_Given information_:

┌────────

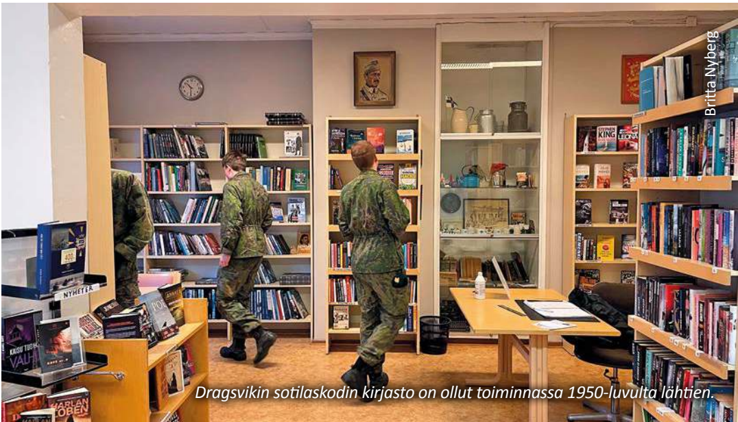
Dragsvikin sotilaskodin kirjasto on ollut toiminnassa 1950-luvulta lähtien.
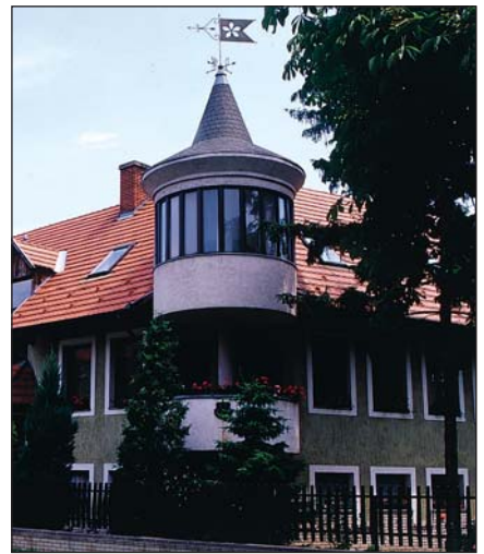
Az erdészet épülete Kapuváron

Négy országos-vására jan. 10., mart. 25., jul. 25., nov. 1. s minden csötörtökön hetivásár. Folyóvize a kis Rába, melly régen a várt két ágával bekerítette. E vár hajdan a nevezetesb erősségek közé tartozott; a török ellen 1559. 30 t.czikk szerint megerősítettet rendeltetett. 1656. a bádeni fejedelem ostrommal bevén, a törököktől roppant hadikészületek foglaltattak el. 1708. Rákóczy seregei bevén, leromboltatt, s régi erősségének nyoma sincs. Említést érdemel, hogy 1749 mart. elején a halászok a Hanságban levő királytóból egy 8 éves vadgyermeket hálóval fogtak ki, ki is az uradalmi lakba vitetvén, mart. 17-kén Hany Istvánnak kereszteltetett, s már beszélni és némi munkát tenni is kezdett, midőn vigyázatlanságból megszökött, a Rába folyóba ugorván. Birja Kapuvárt h. Eszterházy Pál.
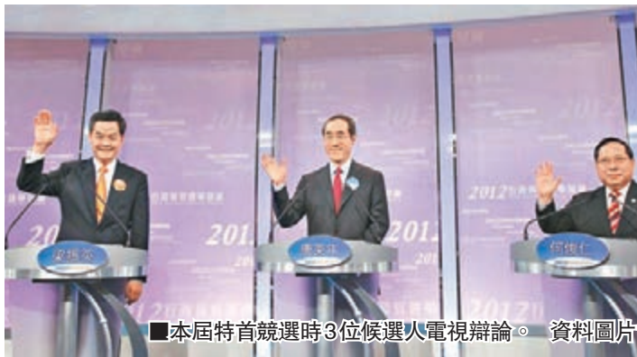
■本屆特首競選時3位候選人電視辯論。資料圖片

└────────

_Exercise details_: Retype the whole of the data verbatim. Skip every picture.

_Reply_:
Dragsvikin sotilaskodin kirjasto on ollut toiminnassa 1950-luvulta lähtien.
Az erdészet épülete Kapuváron

Négy országos-vására jan. 10., mart. 25., jul. 25., nov. 1. s minden csötörtökön hetivásár. Folyóvize a kis Rába, melly régen a várt két ágával bekerítette. E vár hajdan a nevezetesb erősségek közé tartozott; a török ellen 1559. 30 t.czikk szerint megerősítettet rendeltetett. 1656. a bádeni fejedelem ostrommal bevén, a törököktől roppant hadikészületek foglaltattak el. 1708. Rákóczy seregei bevén, leromboltatt, s régi erősségének nyoma sincs. Említést érdemel, hogy 1749 mart. elején a halászok a Hanságban levő királytóból egy 8 éves vadgyermeket hálóval fogtak ki, ki is az uradalmi lakba vitetvén, mart. 17-kén Hany Istvánnak kereszteltetett, s már beszélni és némi munkát tenni is kezdett, midőn vigyázatlanságból megszökött, a Rába folyóba ugorván. Birja Kapuvárt h. Eszterházy Pál.
■本屆特首競選時3位候選人電視辯論。資料圖片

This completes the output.